- Problem description -
From the material below, please set down exactly the lines starting with the one with "автобусів біля термінала." and going on through the one with "森林公園で「第4回 国営武蔵丘陵森林公園 ディスクゴルフカップ」が開催されます。2026年1月31日~2月1日", without a single picture.

**** Dataset records ****

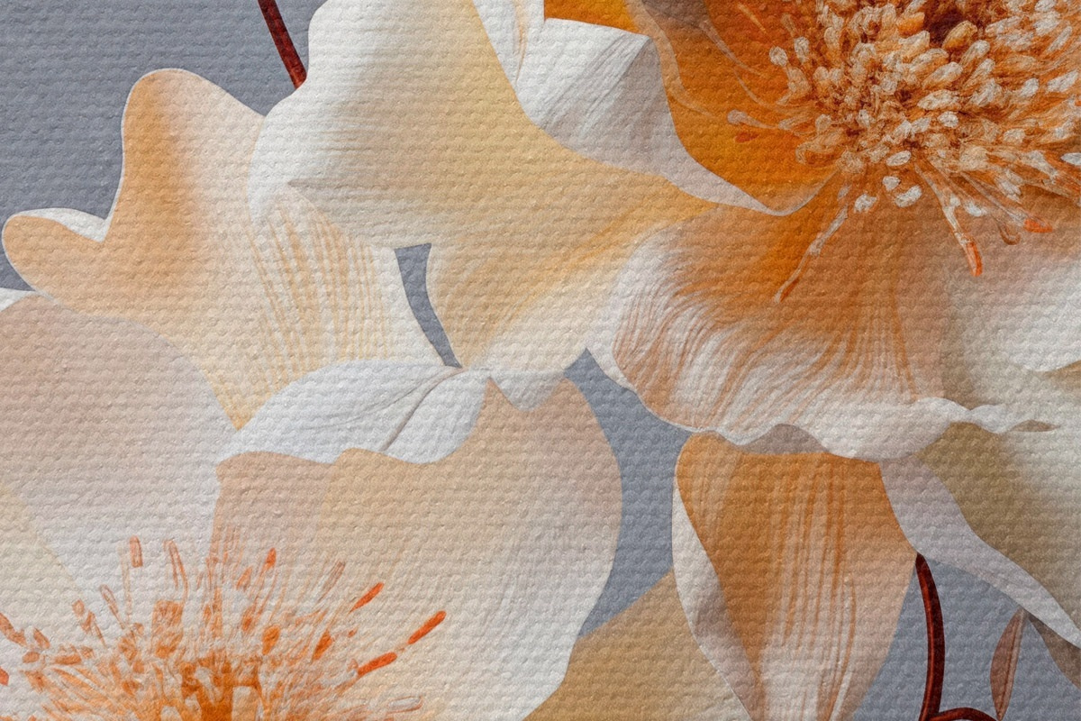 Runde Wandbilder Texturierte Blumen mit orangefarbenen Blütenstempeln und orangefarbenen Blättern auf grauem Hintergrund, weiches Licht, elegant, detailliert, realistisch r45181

****
**** Dataset records ****

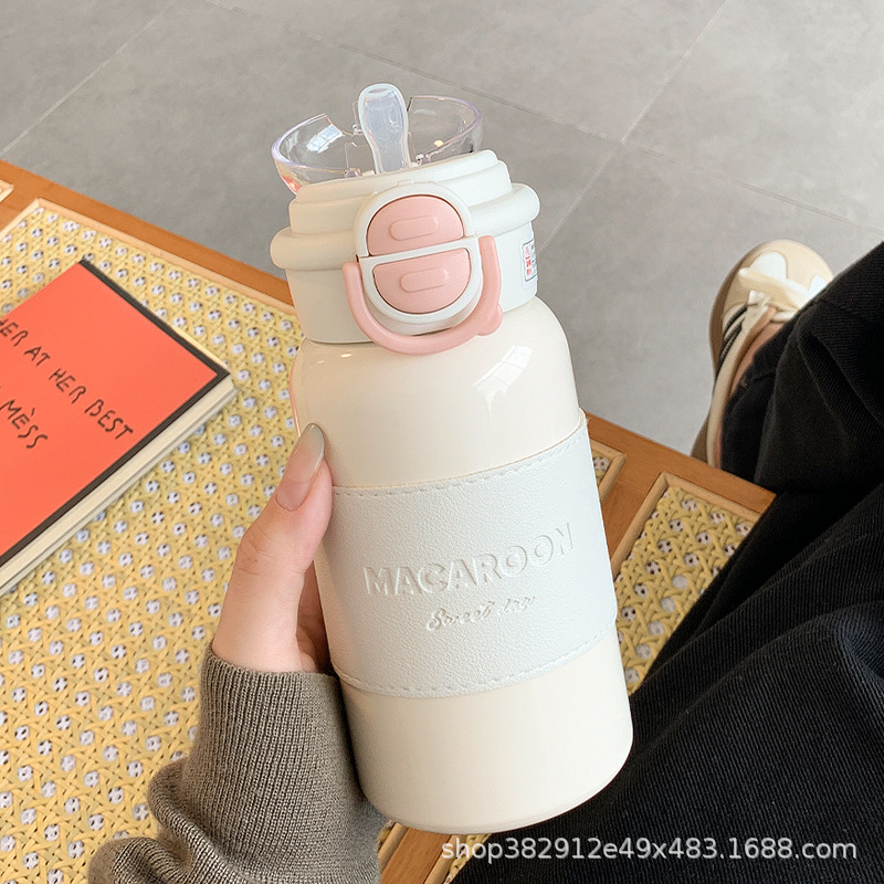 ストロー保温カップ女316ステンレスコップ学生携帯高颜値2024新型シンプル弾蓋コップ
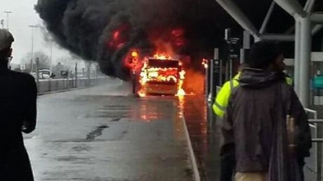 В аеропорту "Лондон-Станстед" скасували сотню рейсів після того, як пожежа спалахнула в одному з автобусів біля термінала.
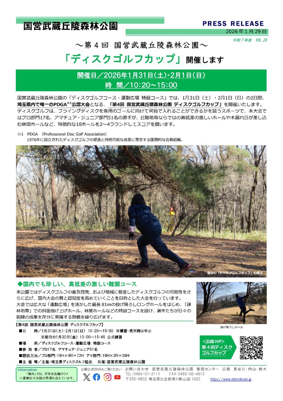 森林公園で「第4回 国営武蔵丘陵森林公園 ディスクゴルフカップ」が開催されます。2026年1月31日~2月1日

****
**** Dataset records ****

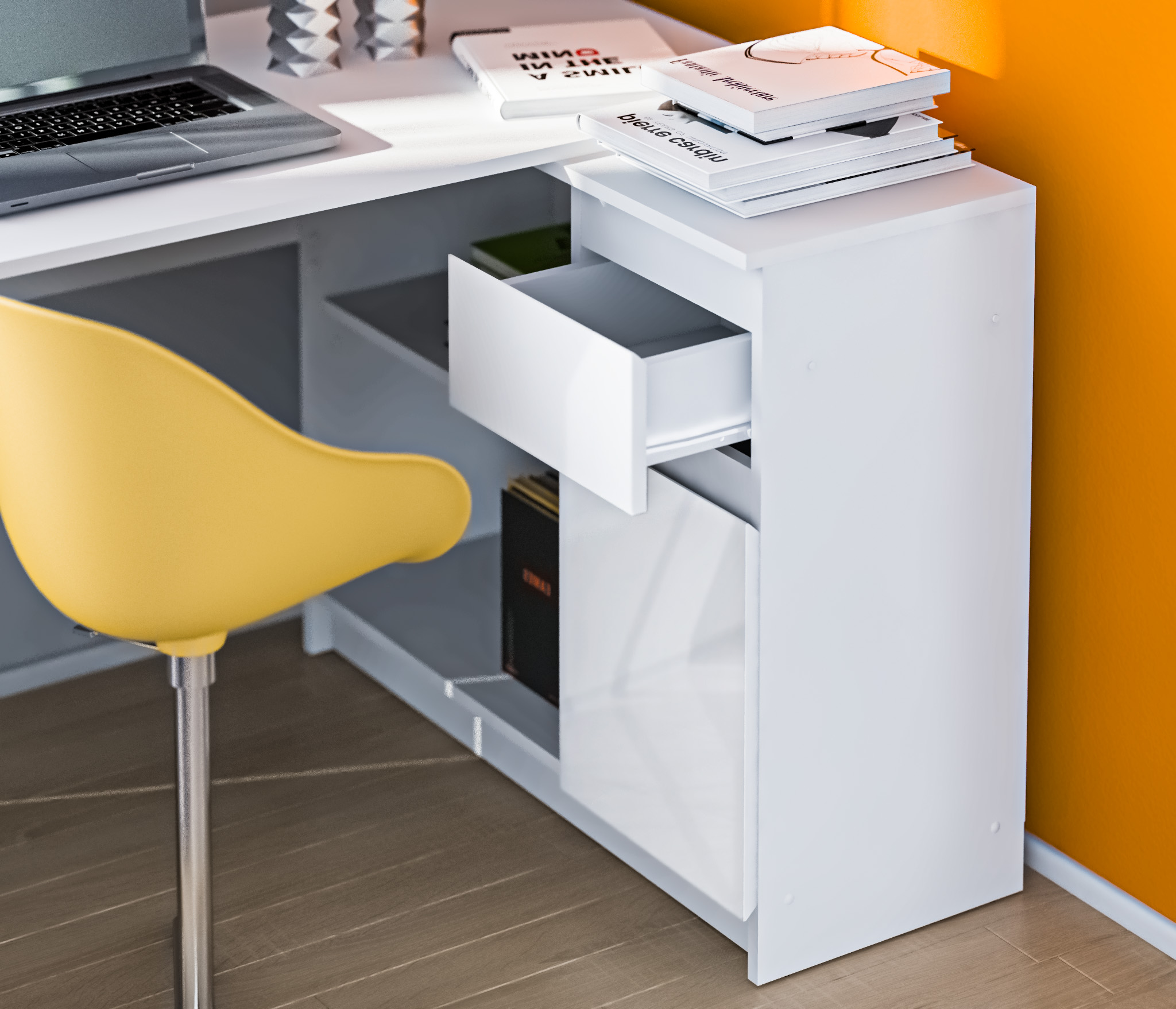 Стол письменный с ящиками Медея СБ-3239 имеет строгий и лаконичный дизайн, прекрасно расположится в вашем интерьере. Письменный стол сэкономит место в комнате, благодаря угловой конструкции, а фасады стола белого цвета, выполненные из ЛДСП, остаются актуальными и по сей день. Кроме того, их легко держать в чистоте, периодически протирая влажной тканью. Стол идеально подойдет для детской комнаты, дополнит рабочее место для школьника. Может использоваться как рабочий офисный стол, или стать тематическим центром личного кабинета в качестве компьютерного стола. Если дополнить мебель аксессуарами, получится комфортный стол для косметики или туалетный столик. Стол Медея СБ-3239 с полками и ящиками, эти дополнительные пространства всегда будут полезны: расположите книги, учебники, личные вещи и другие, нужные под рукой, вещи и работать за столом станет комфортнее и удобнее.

****

- Result of this task -
 В аеропорту "Лондон-Станстед" скасували сотню рейсів після того, як пожежа спалахнула в одному з автобусів біля термінала.
 森林公園で「第4回 国営武蔵丘陵森林公園 ディスクゴルフカップ」が開催されます。2026年1月31日~2月1日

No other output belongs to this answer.